#### WHAT IS BEING ASKED:
The whole listing should come back exactly as written, except for the pictures.

#### GIVEN MATERIAL:

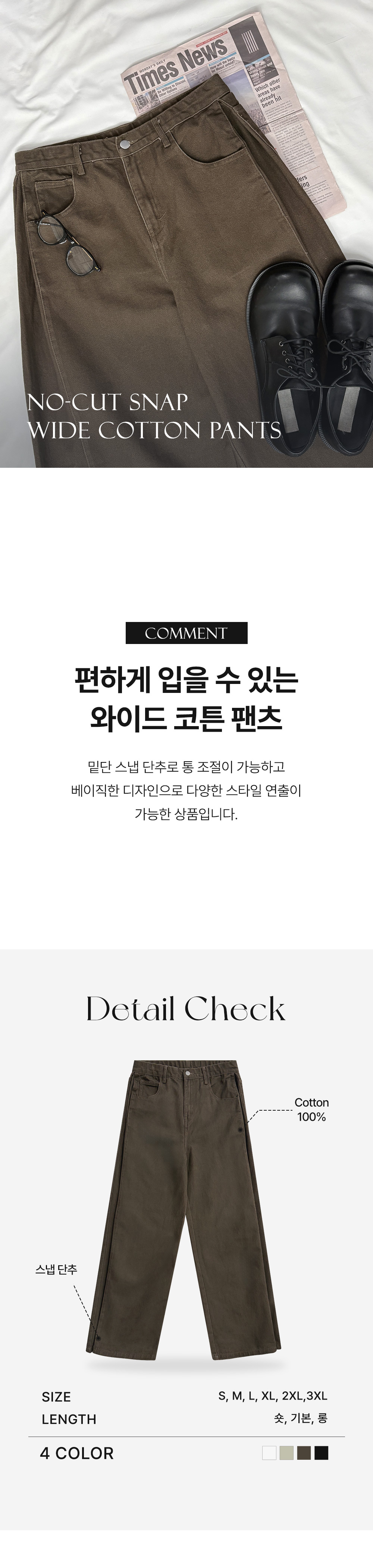 탑보이탑보이 노컷 밑단 스냅 와이드 코튼 팬츠 (LZ007)
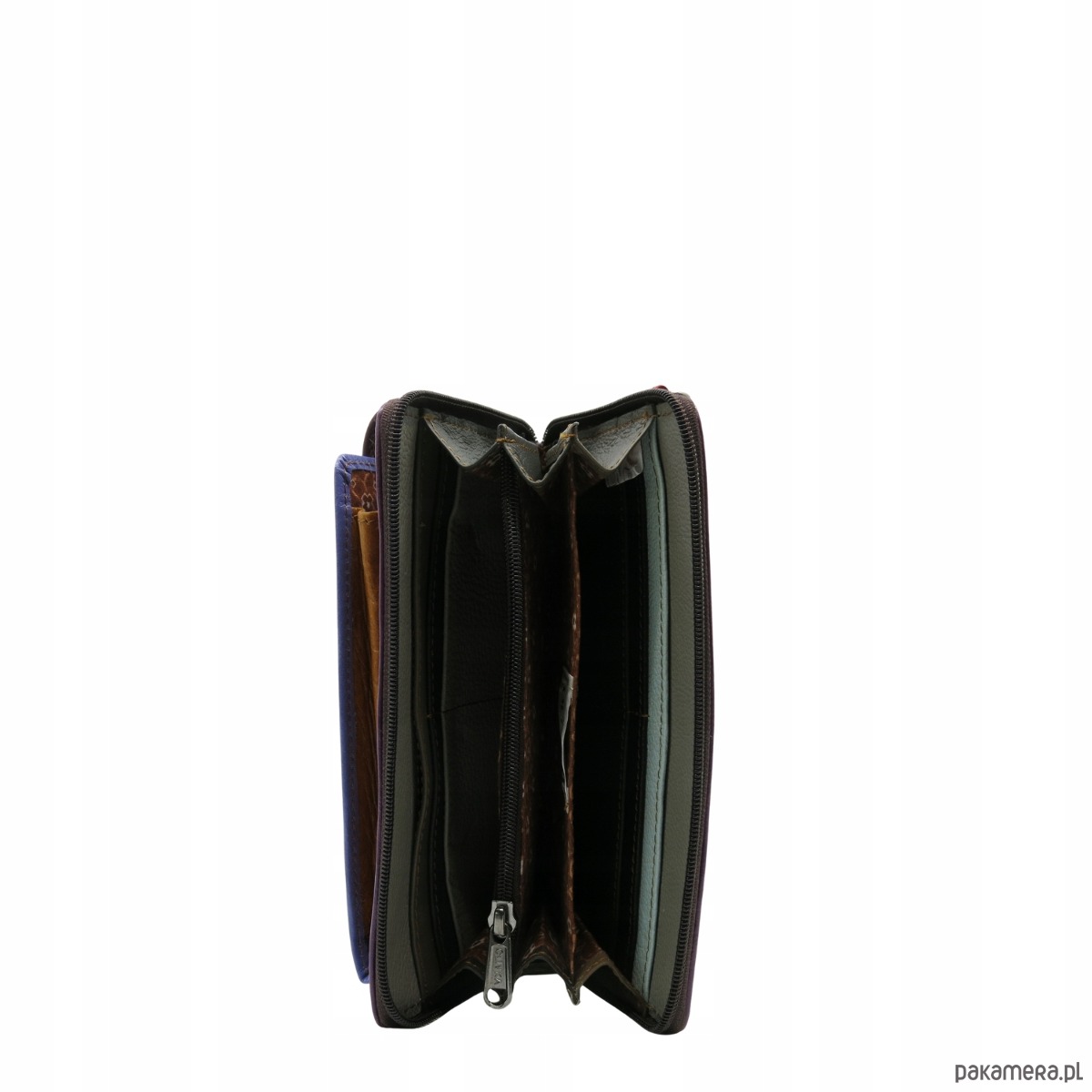 główna komora podzielona na cztery przegrody w tym jedna zamykana na suwak z miejscem na bilon
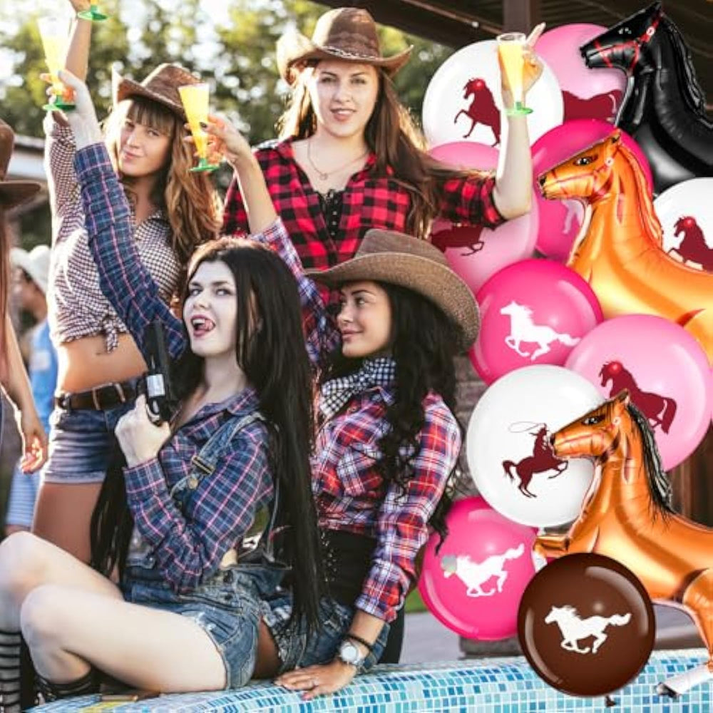 Bring western charm to your party with this horse-themed balloon set! It includes 4 large 40" horse-shaped foil balloons, 40 printed 12" latex balloons featuring cowboys, cowgirls, and galloping horses, plus pink and brown ribbons for decorating. The foil balloons are made of durable, high-quality aluminum, while the latex balloons are thick and sturdy—perfect for air or helium. With their vibrant designs and colors, these balloons are ideal for birthdays, baby showers, or western-themed events, making your celebration lively and unforgettable.

#### REPLY:
 탑보이탑보이 노컷 밑단 스냅 와이드 코튼 팬츠 (LZ007)
 główna komora podzielona na cztery przegrody w tym jedna zamykana na suwak z miejscem na bilon
 Bring western charm to your party with this horse-themed balloon set! It includes 4 large 40" horse-shaped foil balloons, 40 printed 12" latex balloons featuring cowboys, cowgirls, and galloping horses, plus pink and brown ribbons for decorating. The foil balloons are made of durable, high-quality aluminum, while the latex balloons are thick and sturdy—perfect for air or helium. With their vibrant designs and colors, these balloons are ideal for birthdays, baby showers, or western-themed events, making your celebration lively and unforgettable.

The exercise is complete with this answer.